Эту историю можно изложить как историю грязного старика-вуайериста, больше всего любившего снимать полуголых женщин из‐за сетчатой решетки городского бассейна. И это будет правдой – несметное количество фотографий, сделанных скрытой в складках немыслимо старой и рваной одежды камерой, на которых изображены ноги, руки, спины, попы, тени, абрисы незнакомок, кажется почти обвинением в тяжелой форме эротомании. Он никогда ни до кого из своих объектов не дотрагивался, но на него часто кричали, а иногда и поколачивали. Попытки пришить ему сексуальную статью были, ничем не увенчались, но осадок-то остался.
Эту же историю можно рассказать как историю чрезвычайно талантливого молодого художника, которого размолола в пыль система, воцарившаяся в Чехословакии с приходом коммунистов к власти. И это тоже будет правдой – застенчивый юный провинциал, начавший учиться в Пражской академии художеств сразу после войны, поймавший там несколько лет звенящей художественной свободы, освоивший язык экспрессионизма как родной, замолчал, как только начали закручивать гайки. Вместо обнаженных натурщиц ему было предложено рисовать пролетариев, и воображаемый молот в их поднятых в классовом гневе руках буквально прибил юношу к земле. Он ушел в себя, а его быстро ушли из академии.

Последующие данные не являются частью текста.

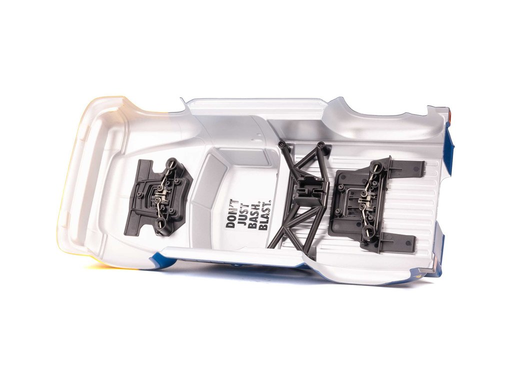 Podvozek, diferenciály, přední nárazník, kluzné desky podvozku a dokonce i uchycení křídla to všechno bylo vylepšeno a zesíleno pro větší pevnost. Nové boční ochranné kryty zamezují vnikání nečistot, dvoudílná vzpěra mezi věžemi přidává tuhost podvozku a zjednodušuje údržbu. Použitá elektronika je voděodolná* a nemusíte se bát jízdy v mokrém prostředí. Regulátor V2 má upravený firmware pro ještě vyšší výkon a rychlejší odezvu. Přesné a jisté řízení zajišťuje digitální servo s kovovými převody.
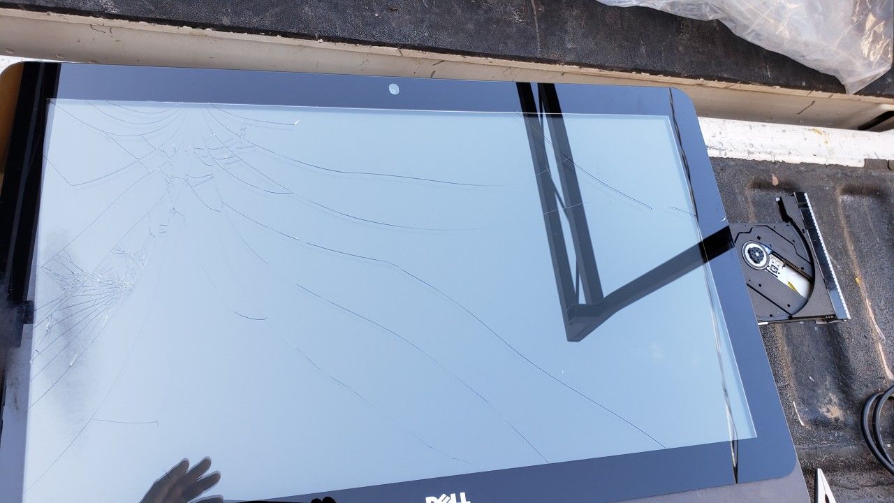 Dell desktop all in one with broken screen for parts only, has a CD-Rom, other parts may be missing, has power cord, and no stand.
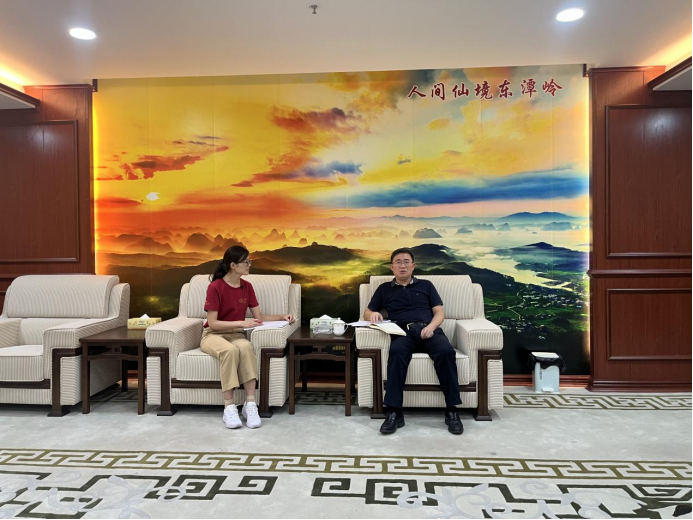 ▲孔儒婧访谈昭平县政协教科文卫史和民族宗教委员会主任(原扶贫办主任)彭斌

Самым распространенным способом бегства от новой диктатуры в Чехословакии 1950‐х годов был отъезд в провинцию. Тихий, как и многие его друзья, вернулся в Моравию, где поселился в отчем доме в городке Кийов, неподалеку от Брно. Он войдет в знаменитую «Пятерку из Брно», его работы будут показаны на неофициальных выставках, а подготовка к первой, действительно большой и важной выставке в Праге в 1957‐м обернется для Тихого катастрофой – не выдержав напряжения, он очутится в психиатрической клинике. Это не было началом болезни, но стало переломным моментом. Противостояние с внешним миром после этого срыва приобрело еще и показательный характер.

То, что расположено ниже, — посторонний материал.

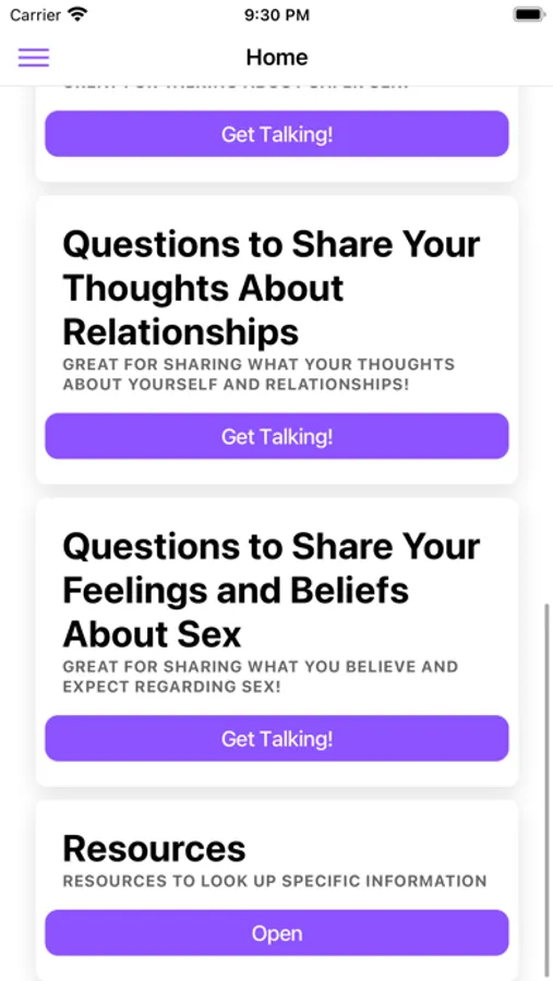 This app was created to help you, people of all ages, talk honestly about sex including healthy relationships and sexual decision making.
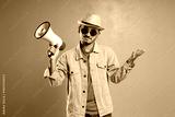 young dumb man With a confused and thoughtful look, looking sideways, thinking and wondering
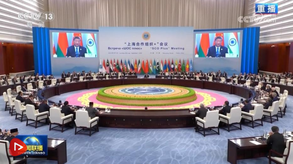 9月1日下午,“上海合作组织+”会议在天津梅江会展中心举行。国家主席习近平主持会议并发表题为《凝聚上合力量 完善全球治理》的重要讲话。

Начиная с 1960‐х годов Мирослав Тихий прекращает бриться, носит только старую одежду, живет на одну крону в день, питается тем, что удалось спасти от мышей, не сумевших забраться под сооруженную художником защитную корзину, в качестве краски использует сажу, а фотоаппаратуру собирает из всевозможных трубок, картонок, катушек, проволок, снабжая их самодельными линзами из старых очков или плексигласа. Регулярно, по главным коммунистическим праздникам, его отправляли в камеру, где насильно мыли, стригли, кормили, уговаривали вести себя хорошо, и отпускали домой. Там все начиналось сначала. Его уход в «каменный век» не есть только признак душевной болезни, это совершенно осознанный художественный жест: в стране, где все шли вперед, он ушел назад. Его неприятие системы как таковой обернулось неприятием и системы этических условностей. Он выстроил свою иерархию ценностей, в которой на самой вершине красовалось старое пальто – недаром, как рассказывают, он пытался застраховать этот ветхий объект на сумму, равную стоимости роскошного автомобиля. Для него, мастера ржавых оптических шедевров, память, заложенная в вещь, была куда ценнее новой железяки.